Le Chapitre général de 2011 affirme avec force l’importance d’une vie en communauté.
« Ce Chapitre met fortement l’accent sur la compréhension de notre identité comme missionnaires religieux. Comme missionnaires religieux CICM, « notre identité et notre mission sont liées au niveau communautaire ». Nous vivons dans des communautés internationales et multiculturelles en vue de témoigner du Royaume de Dieu dans un monde caractérisé par la division entre les races, les cultures et les nations.
En CICM, la communauté n’est pas seulement pour la mission, mais elle est mission. Ce Chapitre comprend que lorsque la vie en communauté est vécue avec intensité, la vie religieuse est consolidée. Quand nous sommes clairs sur notre identité et quand nous nous en approprions, nous sommes enthousiastes à réaliser notre mission comme un engagement collectif » (Actes du 14e Chapitre général CICM, p. 10).
La communauté est mission : quelle tâche, quelle responsabilité !
Plusieurs autres documents CICM affirment que la vie en communauté est, pour nous, missionnaires religieux CICM, de grande importance et de grande valeur. Elle ne constitue nullement un détail anodin. Même si au cours de l’histoire de notre Congrégation, cet aspect de vie en communauté a été discuté et même remis en question plus d’une fois.
Ce que j’ai vu et entendu
Au cours des années comme CICM, j’ai aussi entendu de nombreux commentaires et d’affirmations sur la vie communautaire. Certains m’ont surpris et étonné.
Par exemple, il y a plusieurs années déjà, j’ai entendu un confrère qui venait à peine d’être ordonné prêtre dire : « Moi, vivre dans une communauté, jamais ! »
Un autre confrère disait qu’il regrettait de ne jamais avoir été nommé seul dans une paroisse.

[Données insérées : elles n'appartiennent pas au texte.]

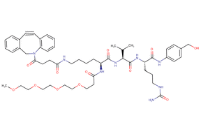 SOLU-KNEX® cleavable linker features a Val-Cit dipeptide. In this product, a DBCO-Lys(m-PEG4) moiety replaces the conventional maleimidocaproyl (MC) unit to enhance aqueous solubility. DBCO is a strained alkyne commonly used in copper-free click chemistry, specifically in the strain-promoted azide-alkyne cycloaddition (SPAAC) reaction.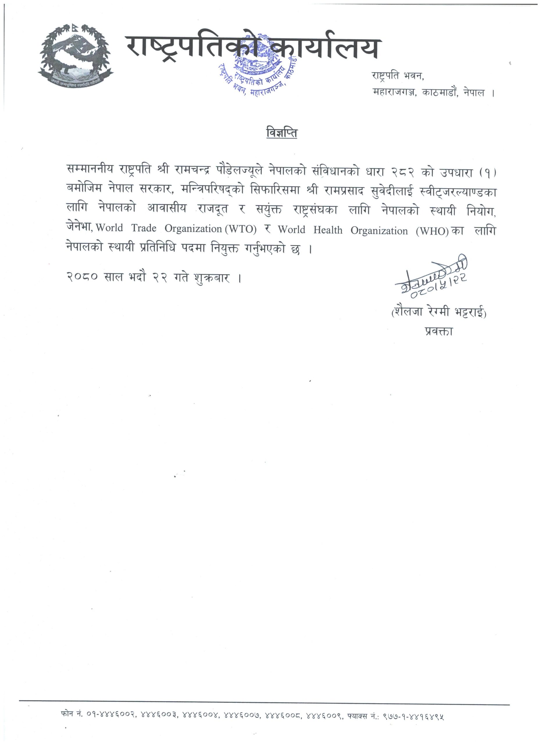 राष्ट्रपतिबाट स्वीट्जरल्याण्डका लागि नेपालको आवासीय राजदूतमा सुवेदी नियुक्त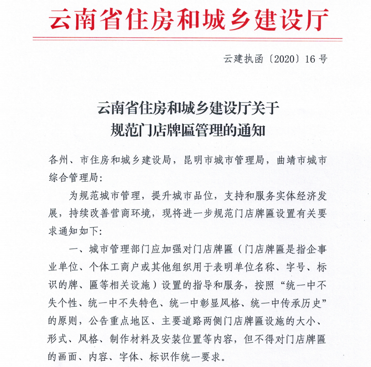 ▲5月27日,经协会专题汇报、积极协调,省住建厅下发了《云南省住房和城乡建设厅关于规范门店牌匾管理的通知》,通知明确要求:(1)不得对门店牌匾的画面、内容、字体、标识做统一要求;(2)取消门店牌匾事前审批,加强事中事后监管,不得设置有效期。有效解决了长期困扰连锁企业户外广告门头不统一和《户外广告设施设置许可证》办理标准不统一等问题和困难。![]()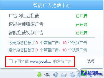 当然如果你不希望屏蔽某个网站的视频广告(谁会这么干?),也可以将该网站放进白名单中。方法也很简单,同样是在右下角的智能广告拦截中心里,选择不再拦截XXX网站的弹窗广告就行了。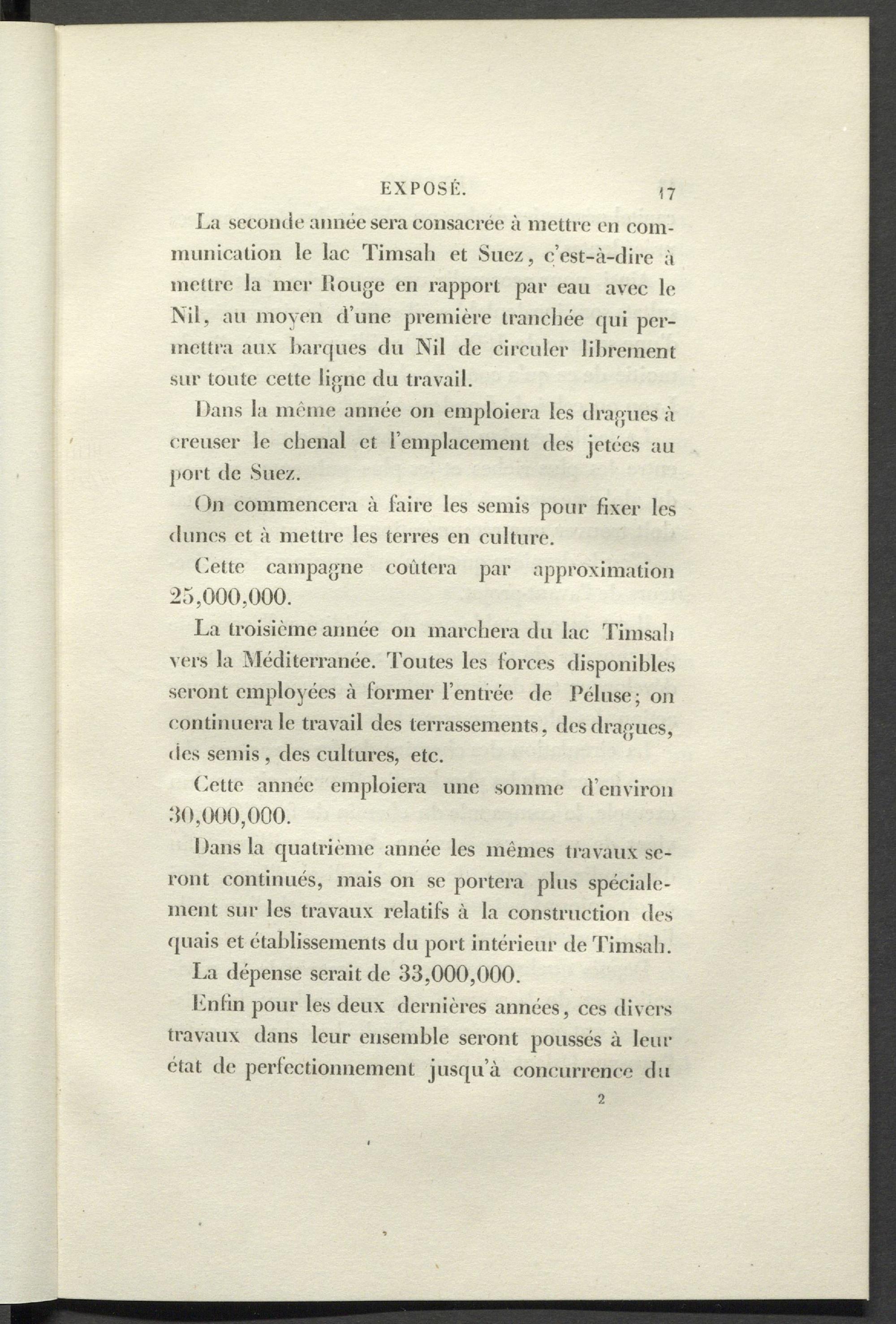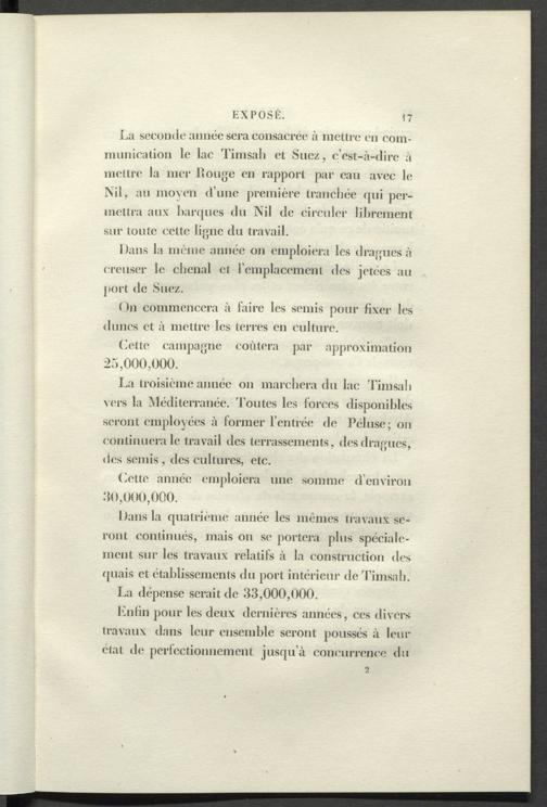 La seconde année sera consacrée à mettre en communication le lac Timsali et Suez, c’est-à-dire à mettre la mer l!ouge en rapport par eau avec le Nil, au moyen d’une première tranchée qui permettra aux barques du Nil de circuler librement sur toute celte ligne du travail.

Ces confrères ont pourtant vécu en communauté durant tout leur parcours en Formation initiale : noviciat, philosophie, théologie, stage en paroisse… Parfois, cette vie en communauté pouvait durer plus de 10 ans.
J’ai aussi connu des communautés — si l’on peut parler de communautés dans ces cas-là — où les confrères vivaient sous le même toit, mais ne priaient pas, ne mangeaient pas, ne se détendaient pas ensemble, voire même ne se parlaient pas pendant la journée. Oui, vivre sous le même toit n’est pas encore vivre en communauté.
Pourquoi cette envie de vivre seul ? C’est comme si la vie en communauté est considérée comme une menace pour sa vie privée.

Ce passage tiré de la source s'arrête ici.